One Fine Morning Review: eine sanfte, bewegende Charakterstudie
In allen Filmen von Mia Hansen-Løve steckt ein stiller Zauber. In den letzten 15 Jahren hat sich die französische Autorin und Regisseurin langsam als eine der einzigartigsten und sichersten zeitgenössischen Stimmen des Kinos etabliert. Ihr Film Bergman Island aus dem Jahr 2021 fühlte sich nicht nur in vielerlei Hinsicht wie Hansen-Løves bisher größter und zugänglichster Film an, sondern auch als ihr strukturell effektivster und künstlerisch sicherster. Jetzt, zwei Jahre später, ist Hansen-Løve mit One Fine Morning zurückgekehrt.

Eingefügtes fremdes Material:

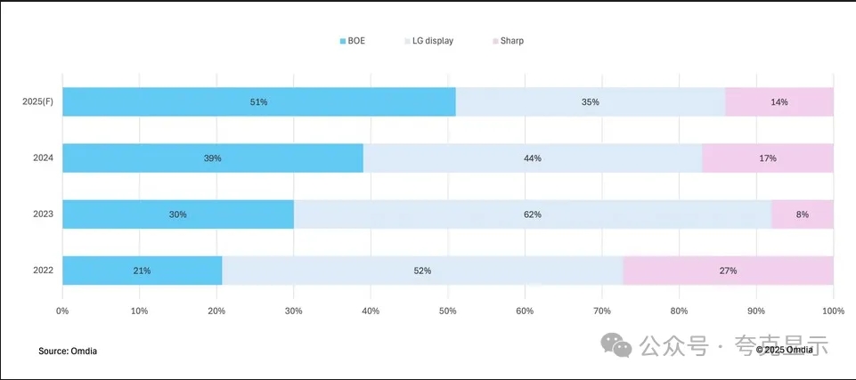 报告显示,BOE预计在2025年将向苹果供应约1150万块笔记本显示屏,市场份额将达到51%,比上一年增长12个百分点。特别是,苹果MacBook Air的主力型号13.6英寸和15.3英寸显示屏,BOE的供应正在逐步增加。
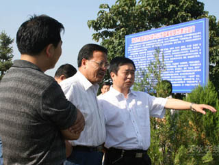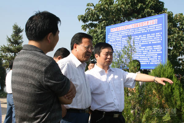 麥積區(qū)委書記蔣曉強(qiáng)向省財政廳謝德處長(中)介紹社棠中山萬畝葡萄基地建設(shè)情況

Der neue Film hat mehr mit einigen von Hansen-Løves früheren französischsprachigen Filmen gemeinsam – nämlich Things to Come aus dem Jahr 2014 – als mit Bergman Island . Viele der größten Kennzeichen der bisherigen Arbeit des Filmemachers sind in One Fine Morning zu finden, der einer Frau folgt, die in typischer Hansen-Løve-Manier nie langsamer wird oder lange genug innehält, um so tief nachzudenken, wie sie es verdient. Aus ihrer jüngsten Zusammenarbeit mit Isabelle Huppert und Vicky Krieps hervorgegangen, sieht Hansen-Løve in One Fine Morning auch erstmals Regie bei Léa Seydoux, einem weiteren der strahlendsten Gesichter des internationalen Kinos.
Auch wenn der Film thematisch oder stilistisch nicht ganz so beeindruckend ist wie Bergman Island , begründet ihn Seydoux' furchtlose Hauptdarstellerin in einem emotionalen Raum, der sich als viel weitläufiger erweist, als es zunächst den Anschein haben mag.
Seydoux spielt in „ One Fine Morning “ Sandra Kienzler, eine professionelle Übersetzerin und alleinerziehende Mutter, die den größten Teil ihres Tages damit verbringt, sich um ihren älteren Vater Georg (Pascal Greggory) zu sorgen und sich um ihn zu kümmern, der durch eine neurodegenerative Krankheit verkrüppelt und ausgeraubt wurde ihn von seinem Sehvermögen und seinen kognitiven Fähigkeiten. Als sie in One Fine Morning vorgestellt wird, hat sich Sandra bereits daran gewöhnt, ihre ganze Aufmerksamkeit zwischen Georg und ihrer Tochter Linn (Camille Leban Martins) aufzuteilen. Ihre Fähigkeit, mit so vielen Verantwortlichkeiten gleichzeitig zu jonglieren, macht Sandra zu einem natürlichen Thema für Hansen-Løve, eine Filmemacherin, die seit langem von Frauen fasziniert ist, die in der Lage sind, ihre Kämpfe mit sich zu tragen, ohne jemals auseinanderzubrechen.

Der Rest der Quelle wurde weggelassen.